Task brief - Return the listing in full and exactly, but without a single picture.

== Segment start ==

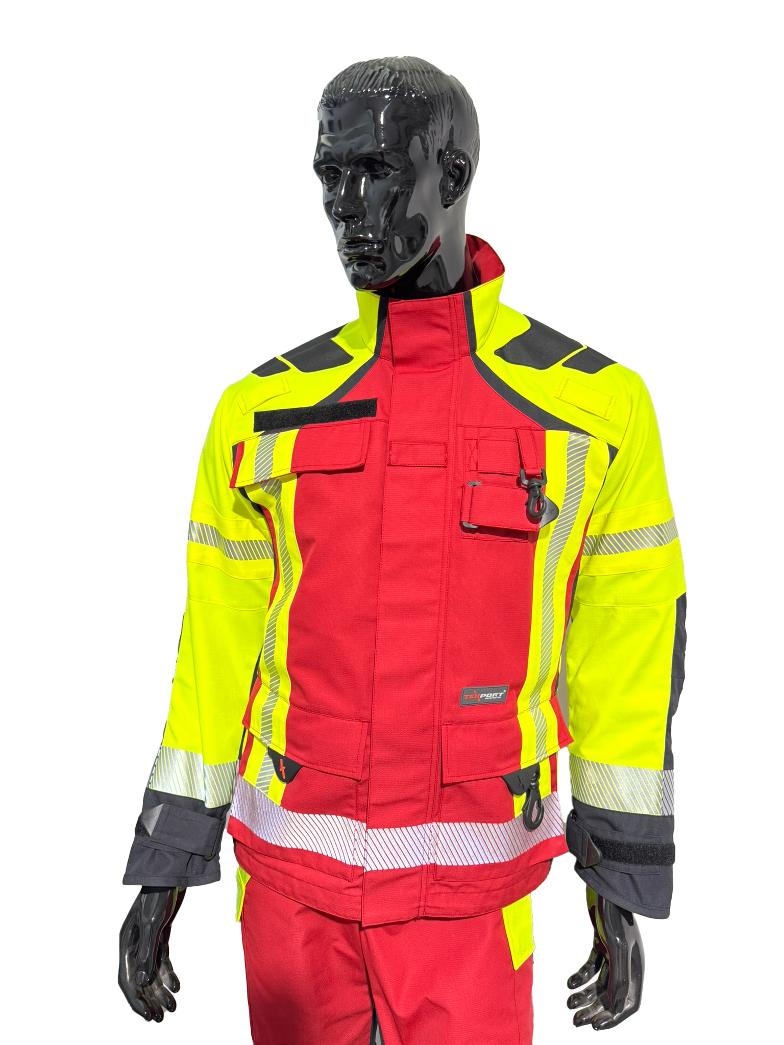 2020 Texport presenta de manera única el traje de extinción de incendios con sistema de arnes integral que cumple con la norma generalmente válida EN 469 y ha sido certificado en consecuencia.
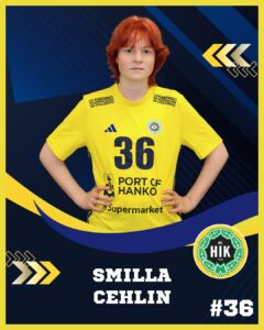 36 Smilla Cehlin 2. Allan Westerholm3. Adrian Nyman4. Rasmus Holmberg6. Jimmy Sinkko7. Elias Sandell8. Benjamin Nyman11. Alex Vahtera13. Nina Laxell14. Xander Wikman15. Adele Rosendahl19. Melwin Himberg23. Iivari Kiljunen29. Arthur Österlund33. Paul Böckerman35. Alec Grundström36. Smilla Cehlin37. Amanda Ekqvist Nuvarande lagHC Hik
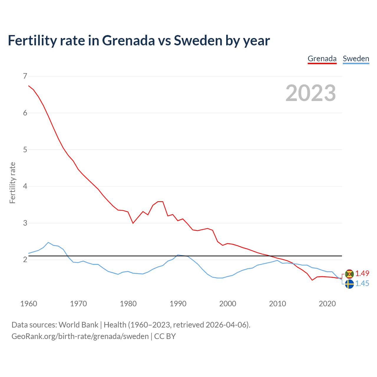 1960 vs 2023, the fertility rate has decreased by 77.9% in Grenada and by 33.2% in Sweden — in 1960, it was 6.74 and 2.17, respectively.
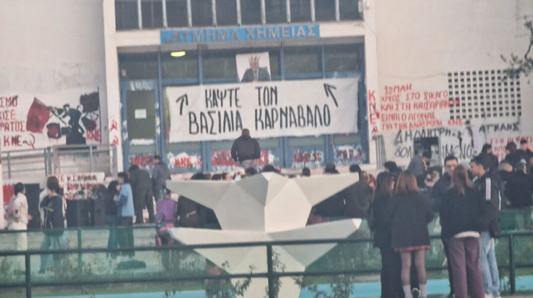 ΑΠΘ: Κρέμασαν πανό για τον πρύτανη - «Κάψτε τον βασιλιά καρνάβαλο»
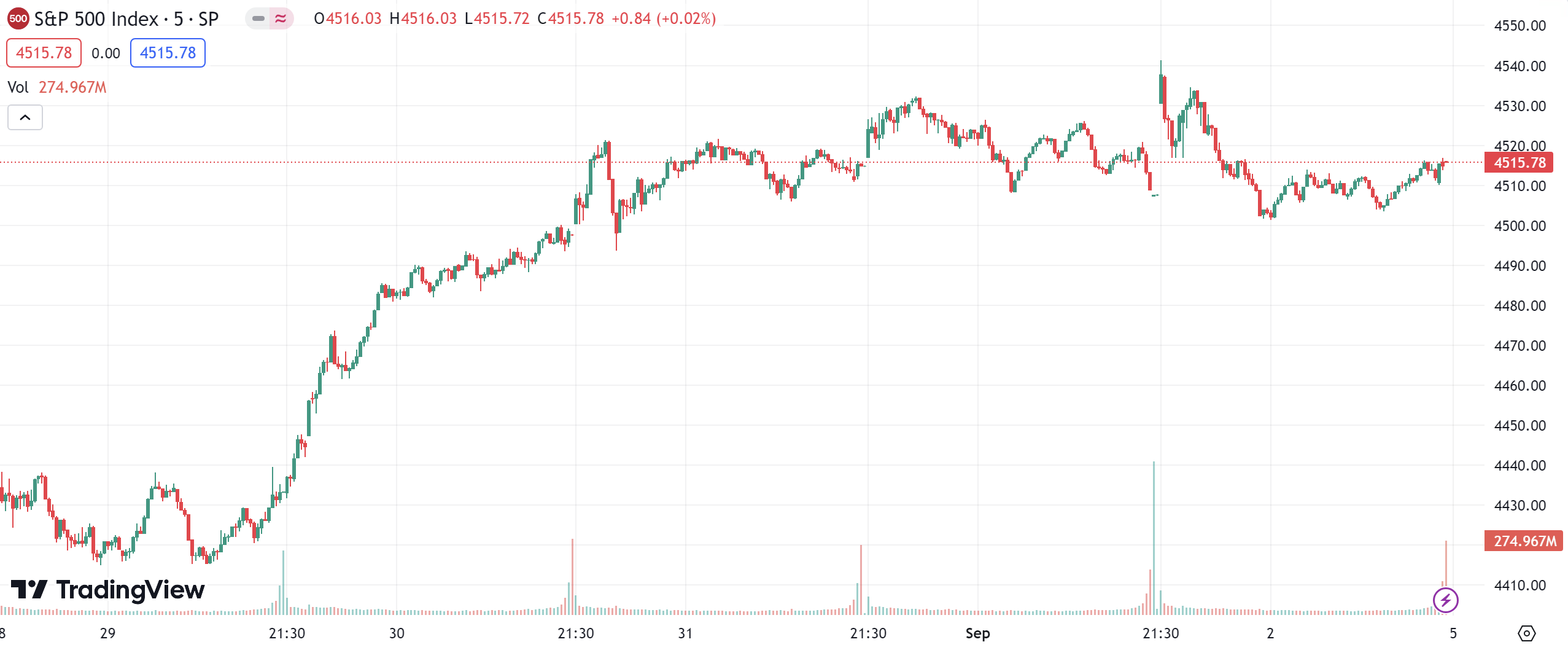 Average hourly earnings in August increased by 0.2% compared to an expected 0.3%, with a previous value of 0.4%. Year-over-year, hourly earnings in August increased by 4.3%, matching expectations and slightly down from the previous 4.4%.
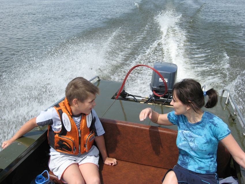 ПРОГ - красавец!!! 4ка - на "5ку"!!!!молибога сказал(а):После четырех часов обкатки на разных режимах попробовал на максималку-скорость на штатном винте 13 при достигнутых оборотах 5200-- 55км/час(мотор откинут на одно отверстие от кормы).Как и ожидалось,с пассажиром на штатном месте лодка практически без дифферента на корму разгоняется до максимальной скорости ,глиссирует на кормовом участке днища,след от мотора гладкий без петуха.Никакого дельфинирования.Ощущения полета и надежности.Хочется гнать без остановок.

== Segment end ==

Exercise output -
 2020 Texport presenta de manera única el traje de extinción de incendios con sistema de arnes integral que cumple con la norma generalmente válida EN 469 y ha sido certificado en consecuencia.
 36 Smilla Cehlin 2. Allan Westerholm3. Adrian Nyman4. Rasmus Holmberg6. Jimmy Sinkko7. Elias Sandell8. Benjamin Nyman11. Alex Vahtera13. Nina Laxell14. Xander Wikman15. Adele Rosendahl19. Melwin Himberg23. Iivari Kiljunen29. Arthur Österlund33. Paul Böckerman35. Alec Grundström36. Smilla Cehlin37. Amanda Ekqvist Nuvarande lagHC Hik
 1960 vs 2023, the fertility rate has decreased by 77.9% in Grenada and by 33.2% in Sweden — in 1960, it was 6.74 and 2.17, respectively.
 ΑΠΘ: Κρέμασαν πανό για τον πρύτανη - «Κάψτε τον βασιλιά καρνάβαλο»
 Average hourly earnings in August increased by 0.2% compared to an expected 0.3%, with a previous value of 0.4%. Year-over-year, hourly earnings in August increased by 4.3%, matching expectations and slightly down from the previous 4.4%.
 ПРОГ - красавец!!! 4ка - на "5ку"!!!!молибога сказал(а):После четырех часов обкатки на разных режимах попробовал на максималку-скорость на штатном винте 13 при достигнутых оборотах 5200-- 55км/час(мотор откинут на одно отверстие от кормы).Как и ожидалось,с пассажиром на штатном месте лодка практически без дифферента на корму разгоняется до максимальной скорости ,глиссирует на кормовом участке днища,след от мотора гладкий без петуха.Никакого дельфинирования.Ощущения полета и надежности.Хочется гнать без остановок.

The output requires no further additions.